Prevalence of factor V Leiden, prothrombin and methylene tetrahydrofolate reductase mutations in women with adverse pregnancy outcomes in Lebanon

The purpose of this study was to determine the prevalence of factor V Leiden, prothrombin, and methylene tetrahydrofolate reductase gene mutations in women with adverse pregnancy outcome compared with women who had uneventful pregnancies. Between 2003 and 2005, pregnant women with ≥1 unexplained second trimester abortion, ≥1 intrauterine fetal death, severe preeclampsia, or severe intrauterine growth restriction (study subjects) were compared with control subjects (uneventful pregnancy) for the frequency of the mutations. The cases of 91 patients in each arm were analyzed. Obstetric complications were second trimester abortions (16.5%), intrauterine fetal death (53.8%), preeclampsia (8.8%), and severe intrauterine growth restriction (20.9%).

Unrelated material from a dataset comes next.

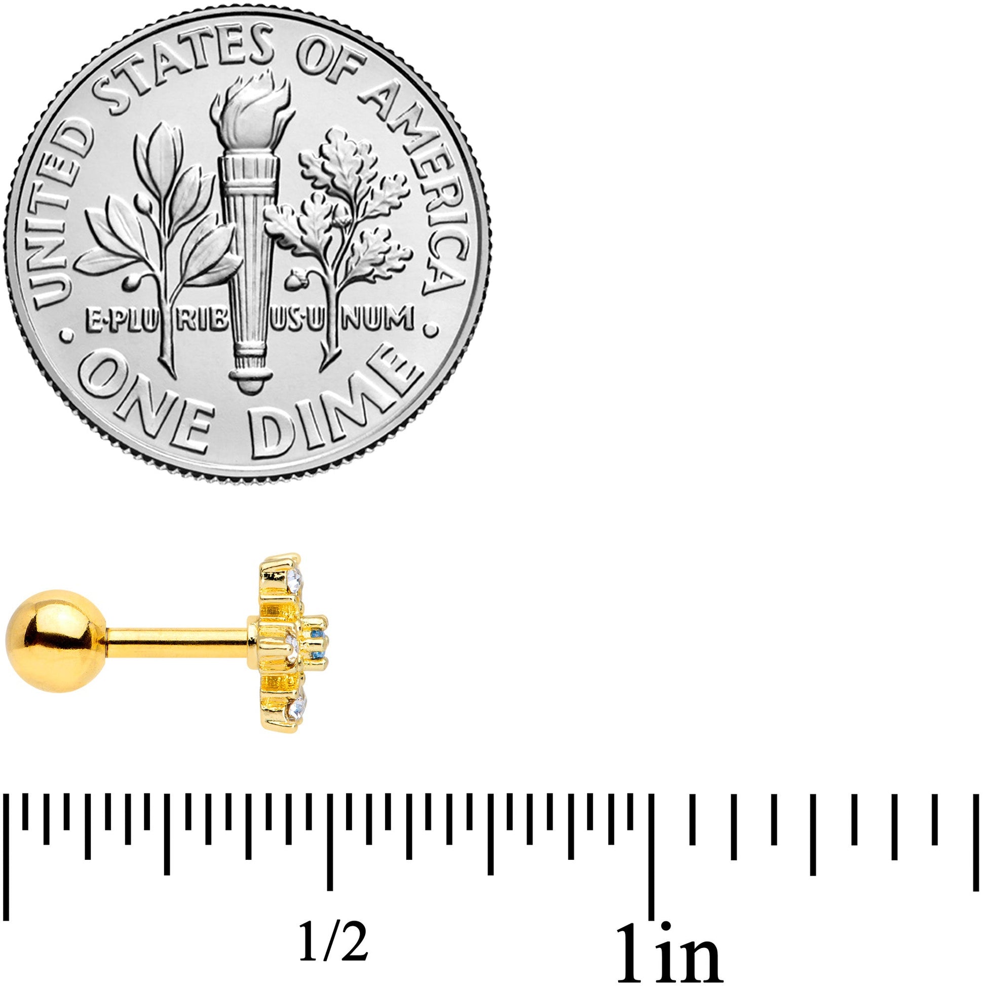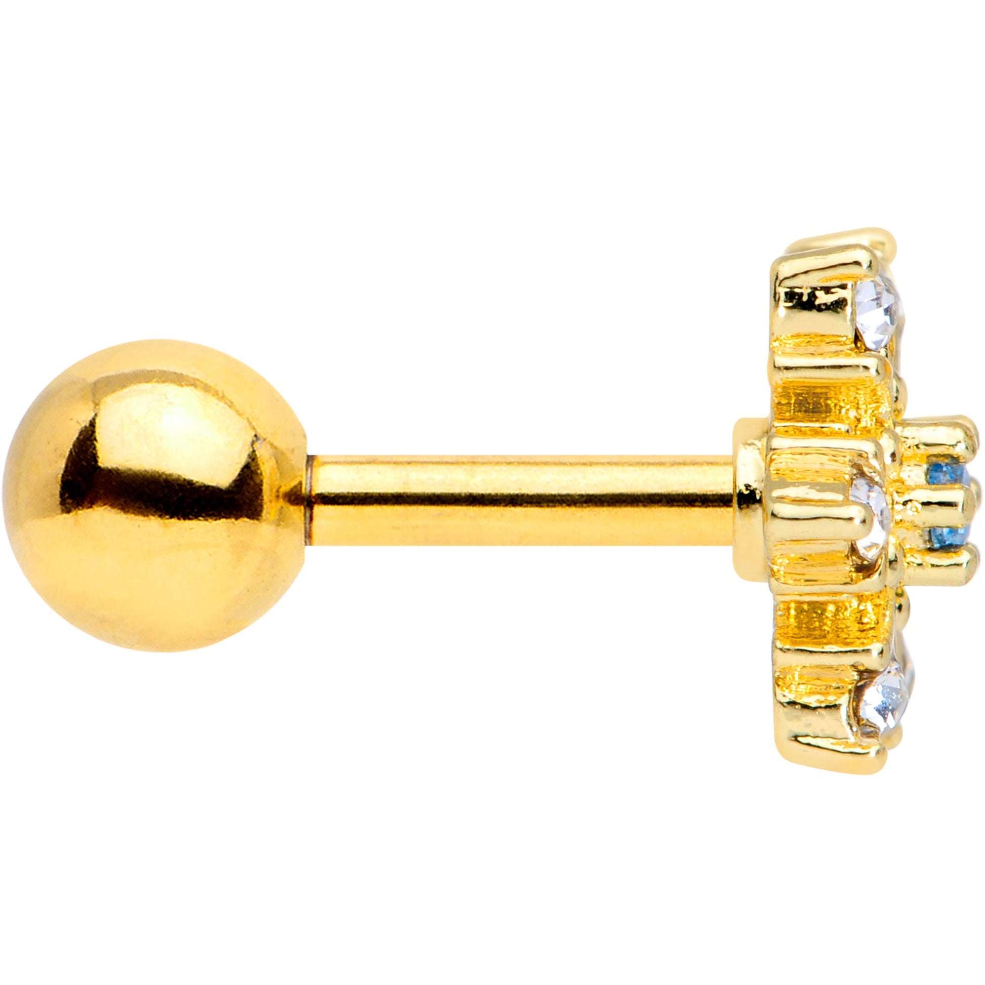 Let it snow all it wants this holiday with this 16 gauge cartilage stud! It's made with a 6mm gold tone PVD over 316L surgical grade stainless steel straight barbell with a 4mm ball end and features a snowflake charm set with clear gems and a blue cubic zirconia gem for a lavish appearance. And you can add some festive flair to multiple piercings including tragus, helix, and some conch piercings. Make cocoa, light a fire, and get cozy - this sumptuous snowflake lets you love winter all year round!Specifications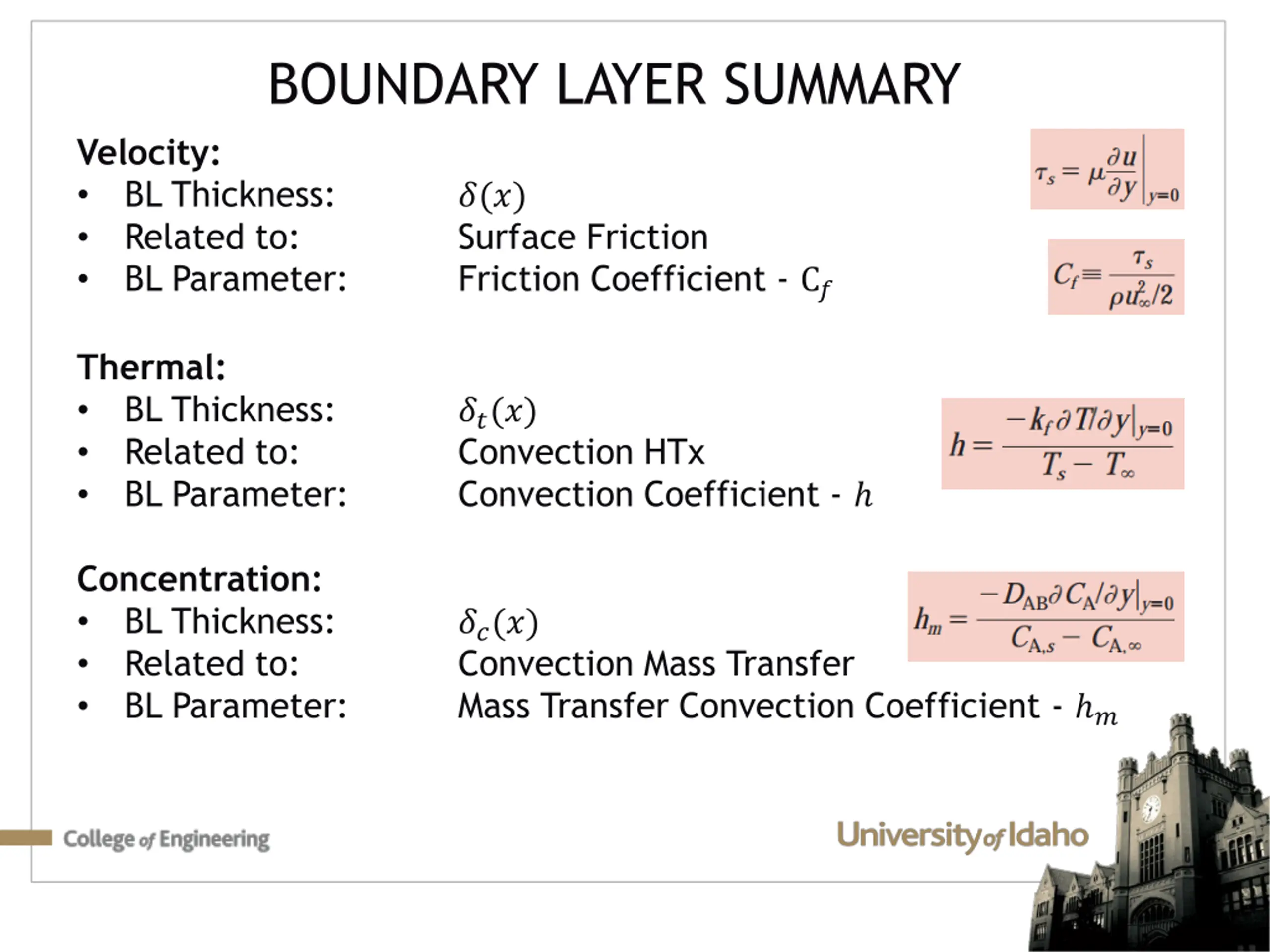 BOUNDARY LAYER SUMMARY Velocity: BL Thickness: Related to: BL Parameter: ?(?) Surface Friction Friction Coefficient - C? Thermal: BL Thickness: Related to: BL Parameter: ??(?) Convection HTx Convection Coefficient - Concentration: BL Thickness: Related to: BL Parameter: ??(?) Convection Mass Transfer Mass Transfer Convection Coefficient - ?

Study subjects were more likely to be older and multiparous compared with control subjects. The 2 groups showed no difference in the incidence of smoking or family history of thrombosis, but study subjects were more likely to have a positive family history of obstetric complications. The prevalence of factor V Leiden (12.1% vs 18.7%; P = .304), prothrombin (7.7% vs 5.5%; P = .765), methylene tetrahydrofolate reductase gene mutations (53.8% vs 65.9%; P = .130), and >1 mutation (11.0% vs 17.6%; P = .290) was not significantly different between study subjects and control subjects. Factor V Leiden, prothrombin, and methylene tetrahydrofolate reductase gene mutations did not seem to play a significant role in adverse pregnancy outcome in our population.